(Entries provided Opens)

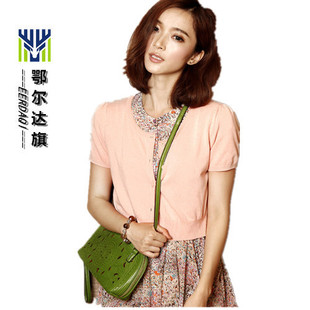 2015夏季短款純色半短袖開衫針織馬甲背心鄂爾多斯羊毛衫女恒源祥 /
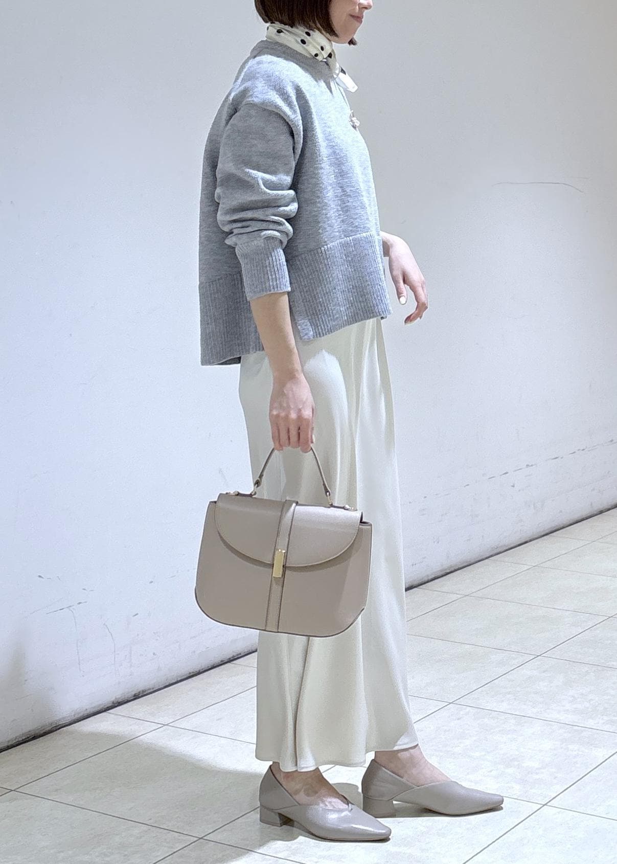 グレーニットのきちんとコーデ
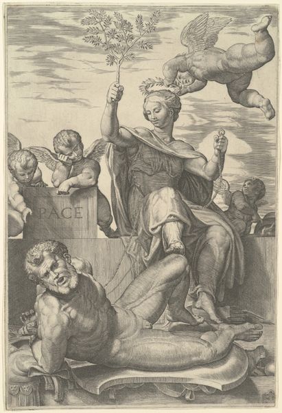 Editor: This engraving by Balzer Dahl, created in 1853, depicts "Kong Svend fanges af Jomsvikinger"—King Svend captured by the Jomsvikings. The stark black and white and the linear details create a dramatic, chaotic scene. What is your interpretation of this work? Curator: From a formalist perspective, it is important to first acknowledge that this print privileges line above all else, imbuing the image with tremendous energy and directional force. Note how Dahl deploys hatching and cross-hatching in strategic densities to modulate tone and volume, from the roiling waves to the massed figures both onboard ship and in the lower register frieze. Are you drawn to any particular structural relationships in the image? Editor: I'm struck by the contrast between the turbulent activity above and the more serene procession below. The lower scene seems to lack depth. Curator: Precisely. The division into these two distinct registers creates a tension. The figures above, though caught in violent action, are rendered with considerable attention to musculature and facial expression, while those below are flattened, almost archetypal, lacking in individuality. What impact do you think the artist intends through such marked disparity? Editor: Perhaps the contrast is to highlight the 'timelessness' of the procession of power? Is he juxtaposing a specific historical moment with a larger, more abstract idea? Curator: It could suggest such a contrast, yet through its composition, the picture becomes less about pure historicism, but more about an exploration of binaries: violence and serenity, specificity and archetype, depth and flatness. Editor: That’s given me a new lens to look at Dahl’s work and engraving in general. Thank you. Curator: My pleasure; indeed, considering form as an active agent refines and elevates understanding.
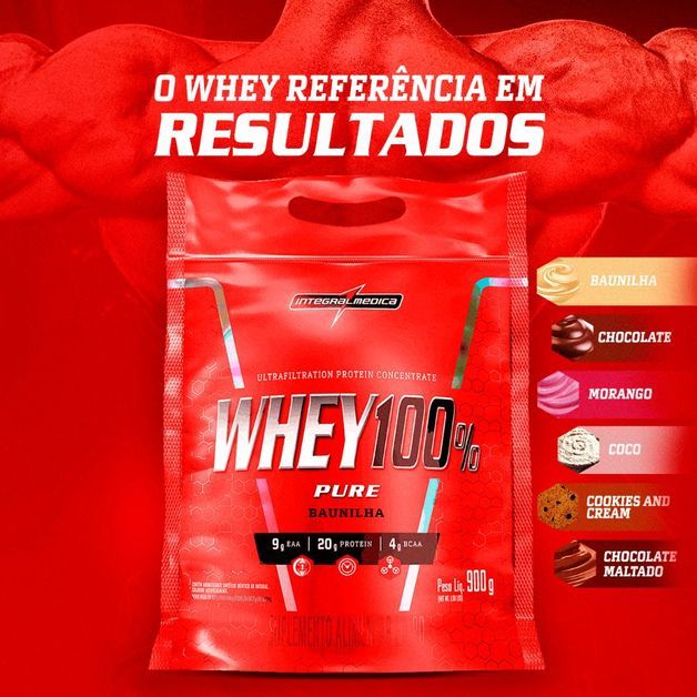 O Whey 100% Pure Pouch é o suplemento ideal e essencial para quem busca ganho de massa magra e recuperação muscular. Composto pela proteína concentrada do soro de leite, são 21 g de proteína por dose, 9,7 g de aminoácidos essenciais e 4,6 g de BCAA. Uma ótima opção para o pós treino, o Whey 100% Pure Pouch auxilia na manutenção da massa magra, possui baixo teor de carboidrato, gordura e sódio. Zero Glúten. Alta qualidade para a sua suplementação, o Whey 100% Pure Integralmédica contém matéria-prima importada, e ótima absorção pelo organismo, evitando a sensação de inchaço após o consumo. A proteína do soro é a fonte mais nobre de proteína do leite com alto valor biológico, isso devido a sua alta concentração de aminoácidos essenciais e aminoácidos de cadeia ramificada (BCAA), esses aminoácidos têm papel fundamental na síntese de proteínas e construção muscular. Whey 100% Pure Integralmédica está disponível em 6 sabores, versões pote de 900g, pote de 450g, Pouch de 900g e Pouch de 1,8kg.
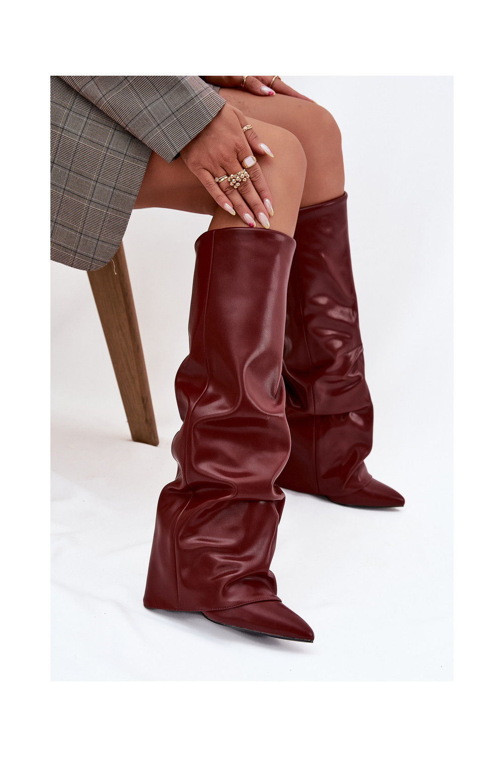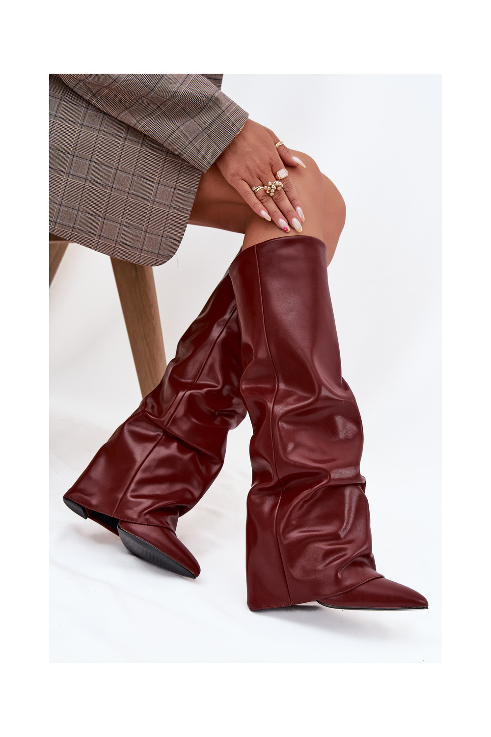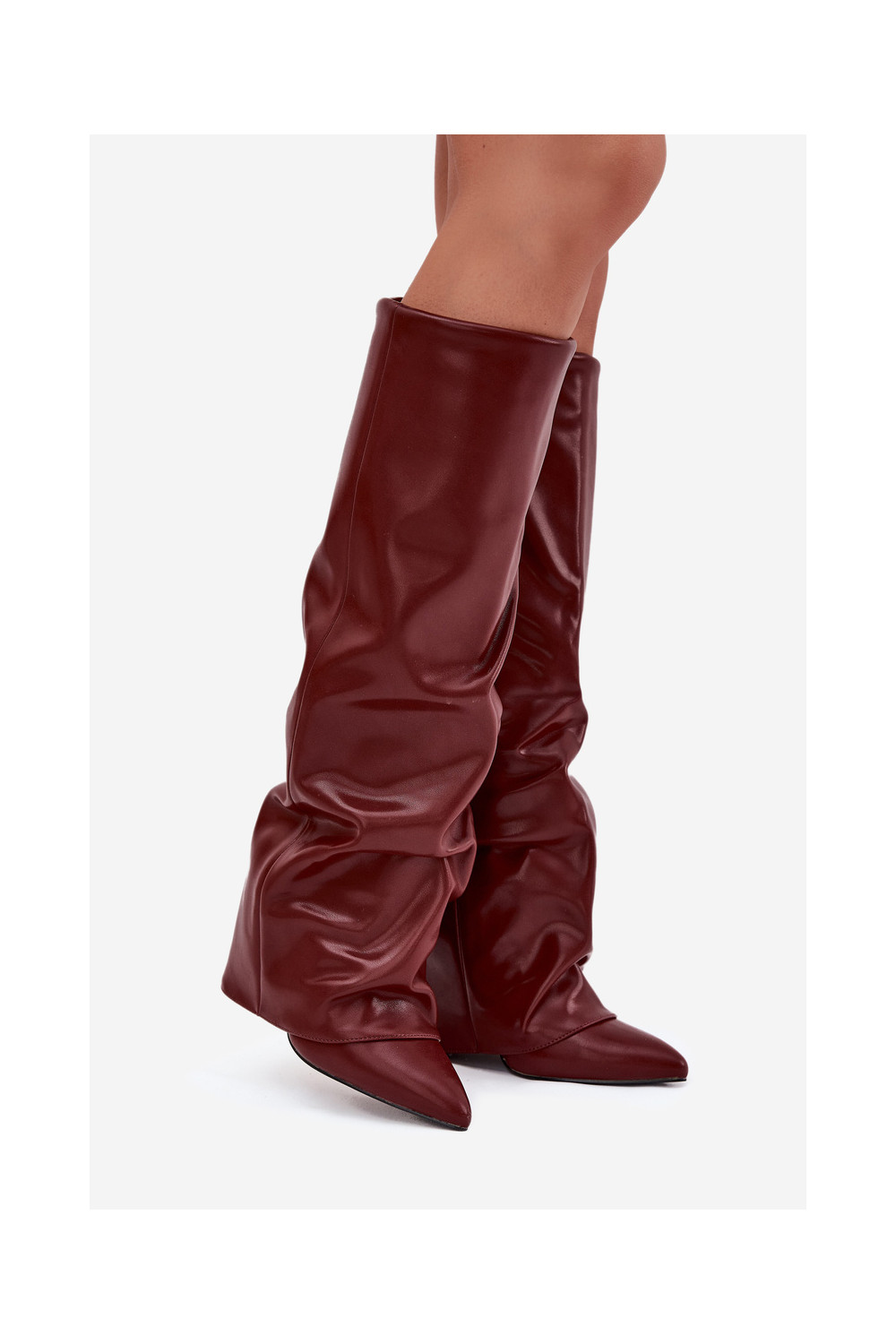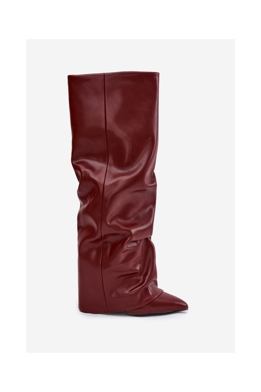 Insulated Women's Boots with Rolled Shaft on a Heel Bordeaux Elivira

(Entries provided Closes)

— Task objective —
Copy every line of the listing above exactly. Leave each picture out.

— Finished task —
 2015夏季短款純色半短袖開衫針織馬甲背心鄂爾多斯羊毛衫女恒源祥 /
 グレーニットのきちんとコーデ
 Editor: This engraving by Balzer Dahl, created in 1853, depicts "Kong Svend fanges af Jomsvikinger"—King Svend captured by the Jomsvikings. The stark black and white and the linear details create a dramatic, chaotic scene. What is your interpretation of this work? Curator: From a formalist perspective, it is important to first acknowledge that this print privileges line above all else, imbuing the image with tremendous energy and directional force. Note how Dahl deploys hatching and cross-hatching in strategic densities to modulate tone and volume, from the roiling waves to the massed figures both onboard ship and in the lower register frieze. Are you drawn to any particular structural relationships in the image? Editor: I'm struck by the contrast between the turbulent activity above and the more serene procession below. The lower scene seems to lack depth. Curator: Precisely. The division into these two distinct registers creates a tension. The figures above, though caught in violent action, are rendered with considerable attention to musculature and facial expression, while those below are flattened, almost archetypal, lacking in individuality. What impact do you think the artist intends through such marked disparity? Editor: Perhaps the contrast is to highlight the 'timelessness' of the procession of power? Is he juxtaposing a specific historical moment with a larger, more abstract idea? Curator: It could suggest such a contrast, yet through its composition, the picture becomes less about pure historicism, but more about an exploration of binaries: violence and serenity, specificity and archetype, depth and flatness. Editor: That’s given me a new lens to look at Dahl’s work and engraving in general. Thank you. Curator: My pleasure; indeed, considering form as an active agent refines and elevates understanding.
 O Whey 100% Pure Pouch é o suplemento ideal e essencial para quem busca ganho de massa magra e recuperação muscular. Composto pela proteína concentrada do soro de leite, são 21 g de proteína por dose, 9,7 g de aminoácidos essenciais e 4,6 g de BCAA. Uma ótima opção para o pós treino, o Whey 100% Pure Pouch auxilia na manutenção da massa magra, possui baixo teor de carboidrato, gordura e sódio. Zero Glúten. Alta qualidade para a sua suplementação, o Whey 100% Pure Integralmédica contém matéria-prima importada, e ótima absorção pelo organismo, evitando a sensação de inchaço após o consumo. A proteína do soro é a fonte mais nobre de proteína do leite com alto valor biológico, isso devido a sua alta concentração de aminoácidos essenciais e aminoácidos de cadeia ramificada (BCAA), esses aminoácidos têm papel fundamental na síntese de proteínas e construção muscular. Whey 100% Pure Integralmédica está disponível em 6 sabores, versões pote de 900g, pote de 450g, Pouch de 900g e Pouch de 1,8kg.
 Insulated Women's Boots with Rolled Shaft on a Heel Bordeaux Elivira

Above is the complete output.